Occasionally small amounts of thrust are applied to lift the station out of the way of debris, and the ISS needs to re-boost its orbit regularly, because at that altitude it loses about 100 meters per day due to atmospheric drag from the extremely diffuse air molecules. It has engines of its own in the Zvezda service module, or it can maneuver by having a docked vessel fire its engines.

NASA's 2014 publication about the ISS contains a lot of information about guidance and control. Chapter 8 on Debris Avoidance Maneuvers (DAM) is particularly notable. The section on p.148-149 of that publication explains a lot about ISS maneuvering operations, and I'll paraphrase to directly address your question.
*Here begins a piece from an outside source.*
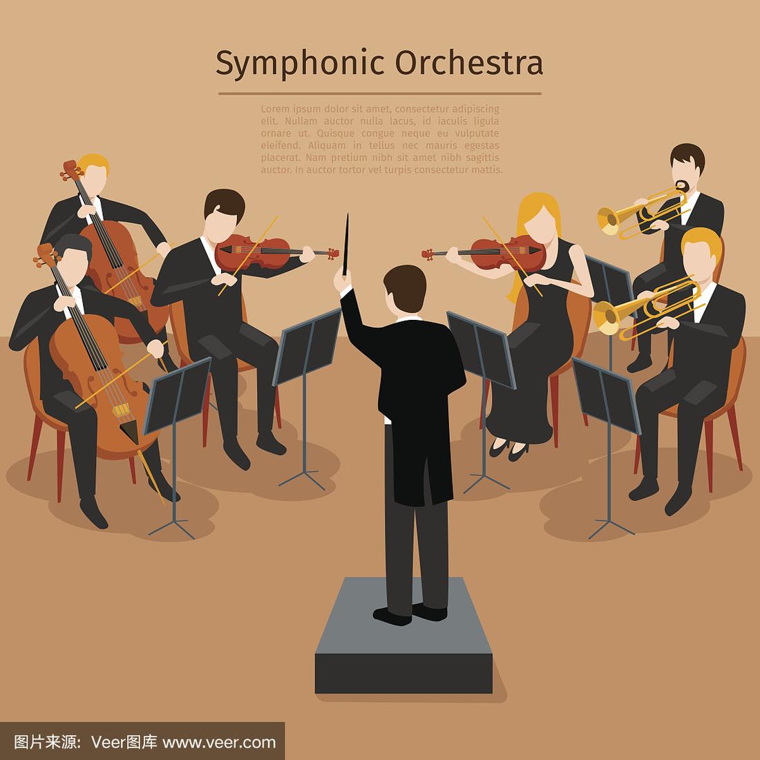 交响乐矢量卡通风乐队
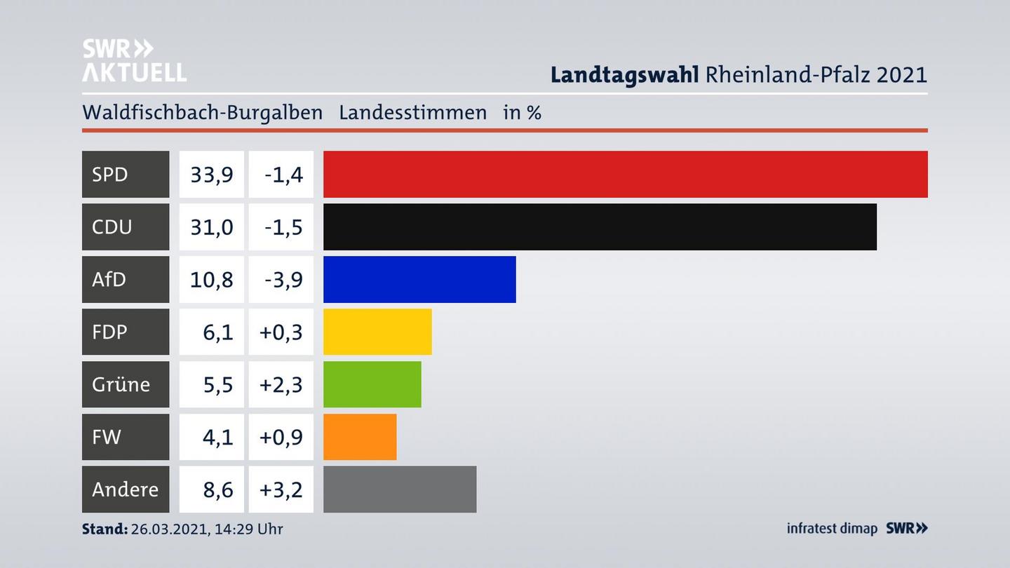 In Waldfischbach-Burgalben verliert die SPD leicht (-1,4 Prozentpunkte) und erzielt 33,9 Prozent der gültigen Landesstimmen. Die CDU erreicht 31,0 Prozent und verliert leicht (-1,5 Prozentpunkte). Die AfD erzielt 10,8 Prozent und verliert deutlich (-3,9 Prozentpunkte). Die FDP gewinnt leicht (+0,3 Prozentpunkte) und kommt auf 6,1 Prozent. Die Grünen erreichen 5,5 Prozent und gewinnen leicht (+2,3 Prozentpunkte). Die Freien Wähler erzielen 4,1 Prozent und gewinnen leicht (+0,9 Prozentpunkte). Die Wahlbeteiligung liegt bei 66,0 Prozent.

When a maneuver is needed (whether DAM or a standard reboost), it's usually programmed by the Mission Control Center in Moscow (Russia controls the Zvezda service module, which has the engines in it), and the instruction packet is sent directly to Zvezda's computer (or the cargo pod's) from a ground station transmitter; no action is required from the crew to make the station do its thing, though they'll of course be informed to expect rotation or thrust. The crew can manually trigger pre-planned maneuvers if necessary*, but there's no input as direct as a joystick-and-throttle arrangement. Nobody flies it as such, it's just a series of computer instructions that say "at thus-and-such time, point in this direction and fire the engine at this throttle setting for this many seconds".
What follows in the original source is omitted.